I read online here that I should set the driver and worker python to be the same, but they seem to be the same. What am i missing? should I set it up on the client? to the best of my knowledge the client is only serving a job to the driver, it should not affect the driver's python version, and evan if it does, I tried using python 3.5 with no luck...

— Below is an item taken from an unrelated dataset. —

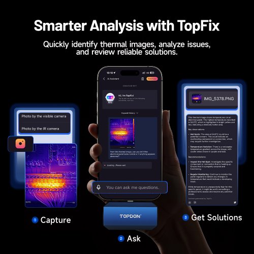Největší „game-changer“ u TOPDON TC001 Max je AI termální asistent TopFix. Umí pracovat s vašimi termálními snímky, rozumí dotazům k naměřeným výsledkům a vrací okamžitá doporučení, aby bylo snazší z termografie rychle udělat praktický závěr (kde je problém, co zkontrolovat, jak pokračovat).

edit: Tried setting the env variables using os.environ: I tried to add this to my python code
os.environ["PYSPARK_PYTHON"] = "/usr/bin/python3.5"
os.environ["PYSPARK_DRIVER_PYTHON"] = "/usr/bin/python3.5"
os.environ["PYSPARK_WORKER_PYTHON"] = "/usr/bin/python3.5"
Still getting the same error. Seems that when I tried adding a missing path, it did throw another error of
no such file or directory
I assume it means that this code does somehow run in the cluster but seems that it does not affect the actual problem.